┌────────

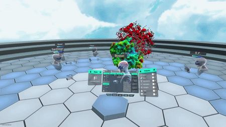 In order to scale the environment or molecular structures, press down on the middle finger 'grip' button on each controller. Next, bring the controllers together to scale the environment smaller or pull them apart to scale the environment larger.
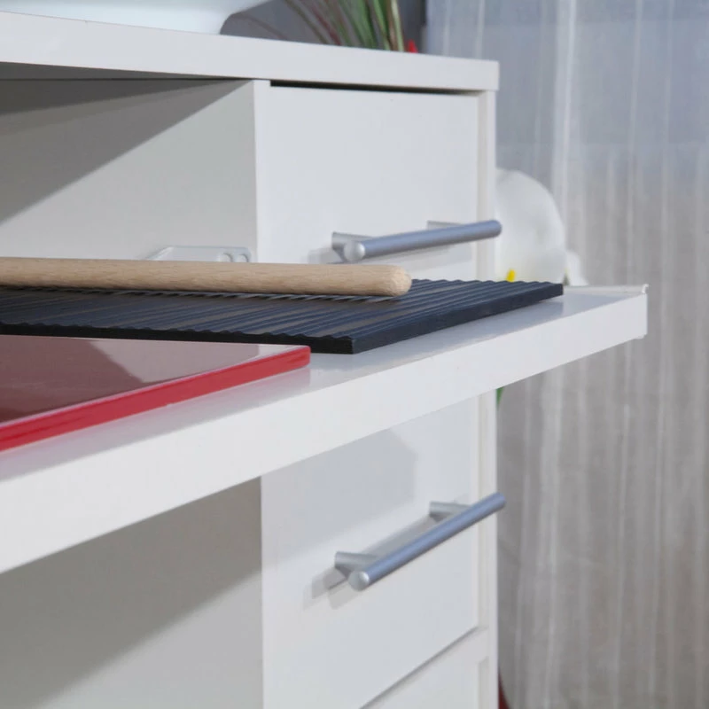 Low microwave cart white on four castor wheels with two white drawers, three white doors, a sliding table and multiple storage.
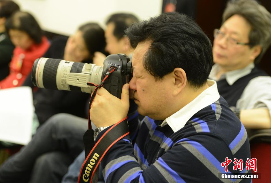 3月10日,全国政协委员、中国文学艺术界联合会副主席徐沛东在人民大会堂试用记者的单反相机。中新社发 杨华峰 摄
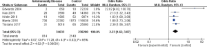 In our literature search, we also discovered some cross-sectional studies reporting on the comorbidity of bipolar disorder in patients with autoimmune disease, and so we carried out another meta-analysis based on these studies (18-22). Among the five included studies, one was related to systemic lupus erythematosus (18), one was related to inflammatory enteritis (Crohn’s disease and ulcerative colitis) (19), two were related to multiple sclerosis (20,21), and one was related to pemphigus (22). A total of 34,633 patients with autoimmune diseases and 238,200 controls were included. The results of the meta-analysis demonstrated that the prevalence of bipolar disorder in patients with autoimmune disease was considerably higher than compared to the control group (MD =2.23, 95% CI: 1.62–3.07, P<0.00001, I2=65%) (Figure 4), which further validates the previous results.
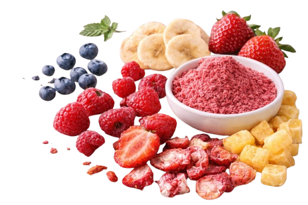 Ingredients Premium freeze-dried fruit powders and pieces with superior color, aroma, and nutrient retention for high-value formulations.
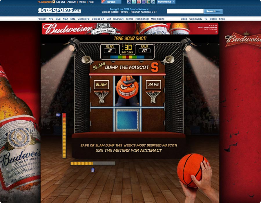 CBS Sports Interactive. Duties included online game conceptual design, banner ad layouts, landing pages, e-mail campaigns & Art production
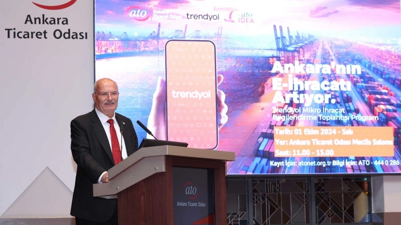 Ankara Ticaret Odası, üyelerinin ihracatını geliştirmeye ve Başkent'in ihracat ve e-ihracat gelirlerini artırmaya yönelik çalışmalarına bir yenisini daha ekledi. ATO'nun ATO İDEA koordinatörlüğünde Türkiye'nin önde gelen e-ticaret ve e-ihracat platformlarından Trendyol iş birliğiyle gerçekleştirdiği “Trendyol Mikro İhracat Bilgilendirme Toplantısı” ATO Meclis Salonu'nda yapıldı. Toplantının açılış konuşmalarını ATO Yönetim Kurulu Başkanı Gürsel Baran ile Ticaret Bakanlığı İhracat Genel Müdür Yardımcısı Bülent Tuncer, Trendyol Satış ve İş Geliştirme Müdürü Özkan Çokaygil ve ATO İDEA Genel Müdürü Gaye Yardımcı yaptı.
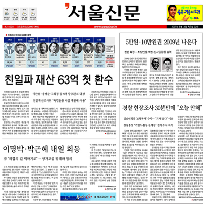 ▷서울신문 -1면 <친일파 재산 63억 첫 환수> -3면 <이완용 재산 등 환수…58년만의 '친일청산' 첫 가시적 성과/"법 시행후 처분 땅도 국가 귀속"> <"452명 명단 작성…확인후 추가환수"/김창국 조사위원장 문답> - 31면 사설 <친일파 재산환수 이제 시작이다>
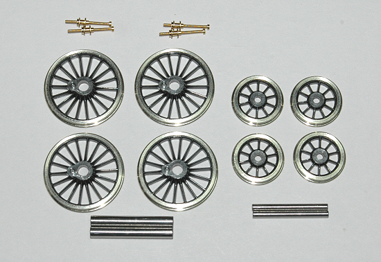 The modeller will have to assemble wheels to axles, make their own arrangements to earth the required wheels to the axles and make arrangements for any other electrical pick-up required, fit the original drive gear to the axle where necessary and make any modifications to get the wheels to clear any obstructions.
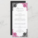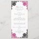 Elegant hot pink and black wedding menu featuring elegant floral lace.
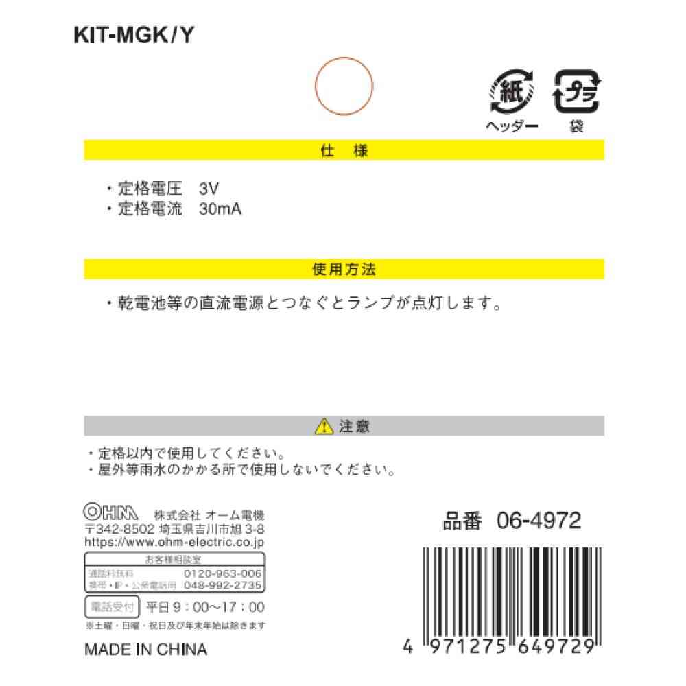 工作用、ムギ球、DC3V用、色、黄、イエロー

└────────

**Problem description:**
Please transcribe, word for word, every line from the first line of the records above through the line containing "In our literature", and leave out any pictures.

**Solution:**
 In order to scale the environment or molecular structures, press down on the middle finger 'grip' button on each controller. Next, bring the controllers together to scale the environment smaller or pull them apart to scale the environment larger.
 Low microwave cart white on four castor wheels with two white drawers, three white doors, a sliding table and multiple storage.
 3月10日,全国政协委员、中国文学艺术界联合会副主席徐沛东在人民大会堂试用记者的单反相机。中新社发 杨华峰 摄
 In our literature search, we also discovered some cross-sectional studies reporting on the comorbidity of bipolar disorder in patients with autoimmune disease, and so we carried out another meta-analysis based on these studies (18-22). Among the five included studies, one was related to systemic lupus erythematosus (18), one was related to inflammatory enteritis (Crohn’s disease and ulcerative colitis) (19), two were related to multiple sclerosis (20,21), and one was related to pemphigus (22). A total of 34,633 patients with autoimmune diseases and 238,200 controls were included. The results of the meta-analysis demonstrated that the prevalence of bipolar disorder in patients with autoimmune disease was considerably higher than compared to the control group (MD =2.23, 95% CI: 1.62–3.07, P<0.00001, I2=65%) (Figure 4), which further validates the previous results.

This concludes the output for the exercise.